The conference entitled “ Vietnam economy in 2010: Acknowledging Investment and Business Opportunities” was attended by ministry officials, the leading economists and 300 enterprises who evaluated and forecast the global economy, as well as Vietnam ’s prospects for this year.

Participants all agreed that the global economy would show signs of recovery but slowly. Moody’s Credit Assessment Council forecast the world economy would struggle this year, and possibly next year, with unemployment and prolonged budget deficit.

Head of the Vietnam Economy Institute, Tran Dinh Thien, said the crisis had reformatted the institutional structure of the world economy.

“If floored powerful economies. Some emerging economies have developed strongly and become economic powerhouses,” Thien said.
He added that a recovery could be seen in the future. However, the recovery would include risks and challenges.

He emphasised that countries which were seriously affected by the downturn should be careful even though GDP as well as international investment flow would improve this year.

Vietnam ’s economy has been clarified to prevent recession and in the process of growth with last year’s GDP of 5.32 percent.

Director of the National Centre for Socio-Economic Information and Forecast Le Dinh An provided two forecasts for Vietnam ’s economy this year.

“The first concentrates on growth in terms of quality.

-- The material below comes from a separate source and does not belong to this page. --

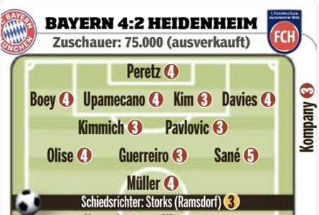北京时间12月7日晚,德甲第13轮,拜仁慕尼黑在主场4-2战胜海登海姆。赛后,《图片报》对拜仁球员的表现进行了评分。
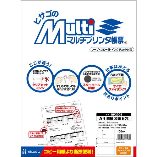 HISAGO マルチプリンタ帳票 A4 地紋 3面 BP2057

It would reduce the growth rate to focus on transforming the economy by restructuring production,” An said.

He said that under the plan, the growth rate would be 6 to 6.5 percent. The second would achieve a higher growth rate of 7 percent.

“This year the world economy and Vietnam ’s have stepped into the first stages of recovery. As a result, import-export activities and foreign direct investment will not increase in the short term. To achieve high growth, the Government would have to increase investment and spending,” An said.

He added that the total investment would have to reach 835 trillion VND (46 billion USD), accounting for 42 percent of GDP.

“The increase means the budget deficit would rise to 6.5 percent of GDP. The plan, in the context of ineffective investment, would cause inflation,” he added.

Under the plan, export turnover would be expected to reach 66.4 billion USD to 67.8 billion USD while import turnover, 77.5 billion USD to 80 billion USD and trade deficit, around 12 billion USD.

Deputy Minister of Planning and Investment Nguyen Van Trung said the targets set by the Government for this year were to stable the economy, thus ensuring higher growth rate in terms of both quantity and quality as well as social welfare./.